A 7x ROAS feels like a win. The thing is, it usually means you are only reaching people who were going to buy anyway. Tom Roach calls this the "selection effect" - your ads look efficient, but they are not doing much actual work.

As you scale spend, you reach colder audiences. Conversion rates drop and ROAS falls. But total revenue and profit can keep rising because you are reaching genuinely new customers. The sweet spot is where the cost of the next customer equals what that customer is worth to you. Beyond that, each extra pound costs more than it makes.

Binet and Field's IPA research backs this up: brands that optimise purely for short-term efficiency tend to underinvest in growth. Their 60:40 rule - balancing brand building with performance activation - is partly about this. Brand spend looks "inefficient" on ROAS, but it is doing the work that performance cannot. The chart above shows why total profit peaks at a ROAS that looks worse than your current one.


How this works

ROAS and profitability: ROAS is calculated on gross revenue including VAT; that matches what Google Ads and Meta report. But profitability uses ex-VAT revenue because VAT is not yours to keep. The calculator strips VAT first, then subtracts cancellations, product costs, fulfilment, and your margin target. Break-even ROAS and target ROAS both account for VAT in their thresholds.

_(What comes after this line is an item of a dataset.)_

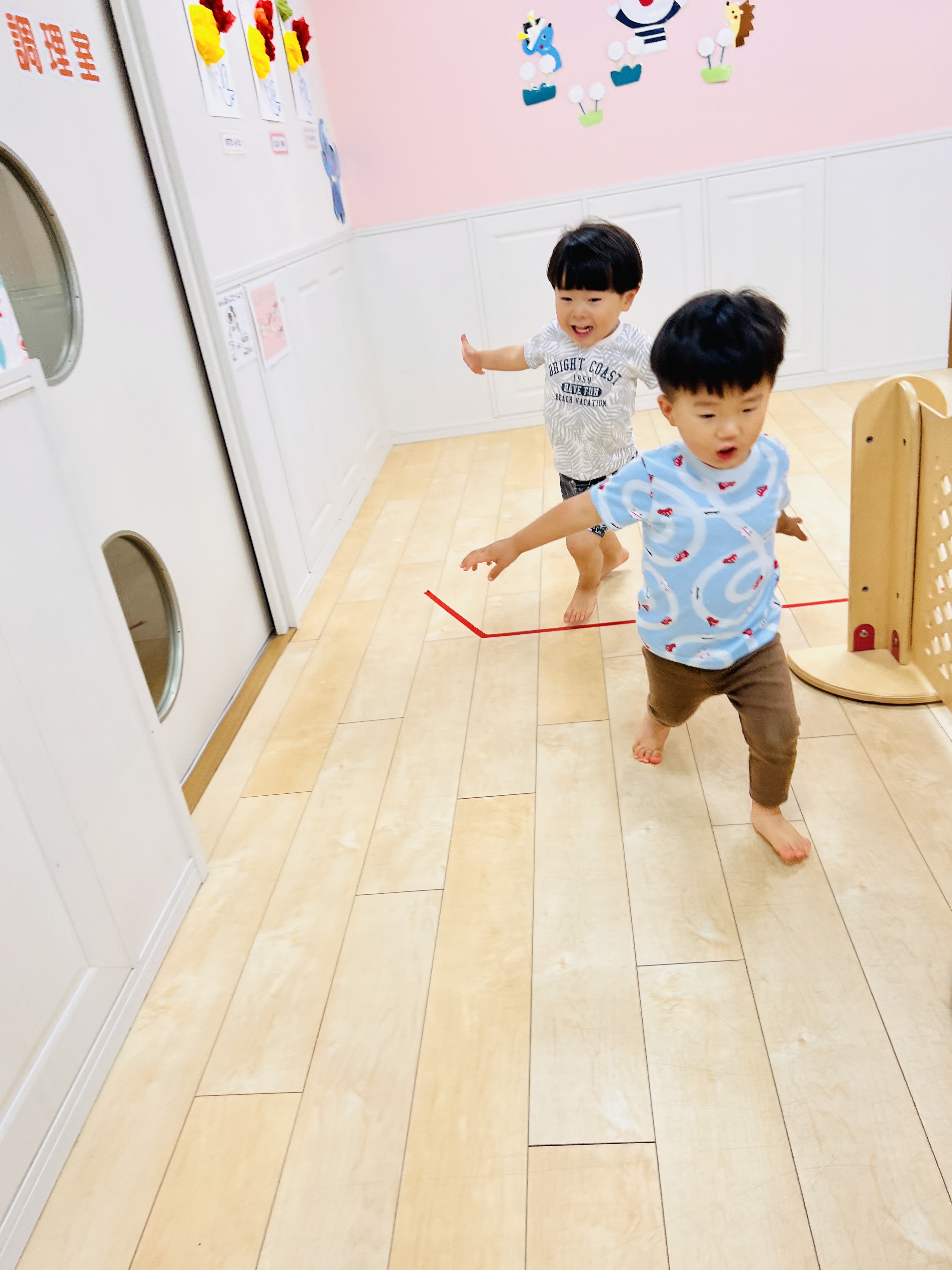 2歳児のお兄ちゃんは先生と手を繋いで歩くのも上手になり体力もついてます✨

Channel comparison: Different channels reach customers at different stages of intent, so they naturally have different ROAS. The comparison applies the same cost structure everywhere so you are comparing like for like. A channel with lower ROAS can still be profitable and worth scaling - the numbers here make that obvious.

The ROAS trap model: The diminishing returns curve is a simplification. Real diminishing returns depend on audience saturation, creative fatigue, and competitive pressure. But the core principle holds: optimising for ROAS alone leads to underspending. The optimal point is where marginal profit hits zero.

Real advertising has attribution problems, cross-channel effects, and delayed conversions. Use this to build intuition about your unit economics, not as a precise forecast.